# Blue moon?



## Thetpi825 (Jul 2, 2008)

How many of ya'll have this Micro around you? I'm sipping on a Full moon there winter selection its so refreshing and sweet.


----------



## squid (Oct 9, 2006)

Thetpi825 said:


> How many of ya'll have this Micro around you? I'm sipping on a Full moon there winter selection its so refreshing and sweet.
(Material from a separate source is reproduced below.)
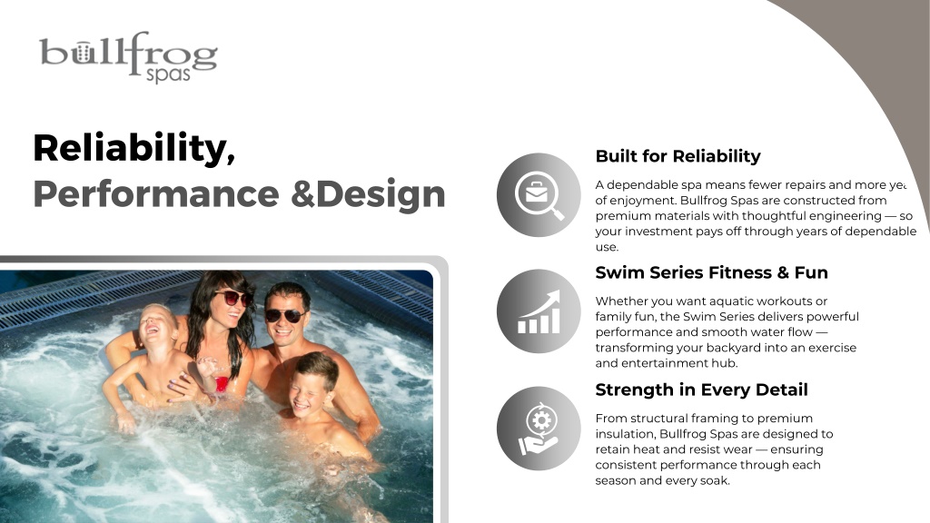 Reliability, Built for Reliability Performance &Design A dependable spa means fewer repairs and more years of enjoyment. Bullfrog Spas are constructed from premium materials with thoughtful engineering — so your investment pays off through years of dependable use. Swim Series Fitness & Fun Whether you want aquatic workouts or family fun, the Swim Series delivers powerful performance and smooth water flow — transforming your backyard into an exercise and entertainment hub. Strength in Every Detail From structural framing to premium insulation, Bullfrog Spas are designed to retain heat and resist wear — ensuring consistent performance through each season and every soak.

It is stocked at a local grocery store here. Haven't tried it yet. I picked up some Carolina Blonde a couple weeks ago....and that's what I'm enjoying right now.


----------



## Commander Quan (May 6, 2003)

Blue Moon really isn't a Micro it's made by Coors and I'm pretty sure it's available all over, the original Blue moon isn't a bad version of a Wit. I've never had the Winter Brew


----------



## mhailey (Dec 28, 2007)

Great beer. Its made by Coors


----------



## elderboy02 (Jun 24, 2008)

The regular Blue Moon is awesome. I didn't like the Winter Ale.


----------



## Thetpi825 (Jul 2, 2008)

Commander Quan said:


> Blue Moon really isn't a Micro it's made by Coors and I'm pretty sure it's available all over, the original Blue moon isn't a bad version of a Wit. I've never had the Winter Brew


Dang never knew that thanks for the heads up.


----------



## Scott W. (Jul 10, 2008)

I enjoy this a lot.


----------



## capdaddy222 (Apr 4, 2008)

well miller bought coors so really its now owned by a south african investment company. 
unless you are buying a local brew, our your hard earned dollar just flows out to foreign owned conglomerates (bud - belgum, Miller - south africa)

or you can brew your own!


----------



## hornitosmonster (Sep 5, 2006)

Good beer. Try it with a this slice of orange :tu


----------



## Ace$nyper (Aug 15, 2007)

hornitosmonster said:


> Good beer. Try it with a this slice of orange :tu


Yup!

I've found roughing it up with a fork is better then plopping it in.

Take the slice stab a tiny bit then almost scramble it a bit then drop it.


----------



## BigCat (Sep 9, 2008)

Try the harvest moon. It is their fall beer and it is really good.


----------



## SledZeppelin (Oct 1, 2008)

blue moon is mucho tasty 

the orange is essential for proper enjoyment


----------



## Chris. (Oct 5, 2008)

I love every blue moon beer. It's all good and goes great with everything. I like Yuengling as well. You should try Leinenkugal sunset wheat if you like wheat beer.:tu


----------



## SledZeppelin (Oct 1, 2008)

Chris. said:


> I love every blue moon beer. It's all good and goes great with everything. I like Yuengling as well. You should try *Leinenkugal sunset wheat* if you like wheat beer.:tu


i was going to mention leiney's in my previous post!

SOOOOOO delicious! was just having some last sunday w/ my baseball team

my favorite is their Honey Weiss, but no one carries it in california


----------



## pro2625 (Jun 25, 2008)

I like them both....

I will say though I really prefer red hook long hammer right now....Awesome stuff

Im also loving firestone double barrel ale


----------



## JE3146 (Jan 15, 2008)

It's alright. I enjoy it for a 2$ 20oz, but it pales in comparison to a better Wit. But to get that you're looking more at 8 to 12$ per 20oz. So it's all in the price point you're willing to pay.

Doing A-B testing, to something that's made with 'identical' (I say that loosely because they're not, but their goal was the same) profiles... it's easy for even the most amateur of beer drinkers to tell which is which when comparing Blue Moon to a premium.


----------



## Paint (Mar 1, 2008)

Rather have a Founders brew a local Brewery with great beers...On tap can't beat that!!!:tu


----------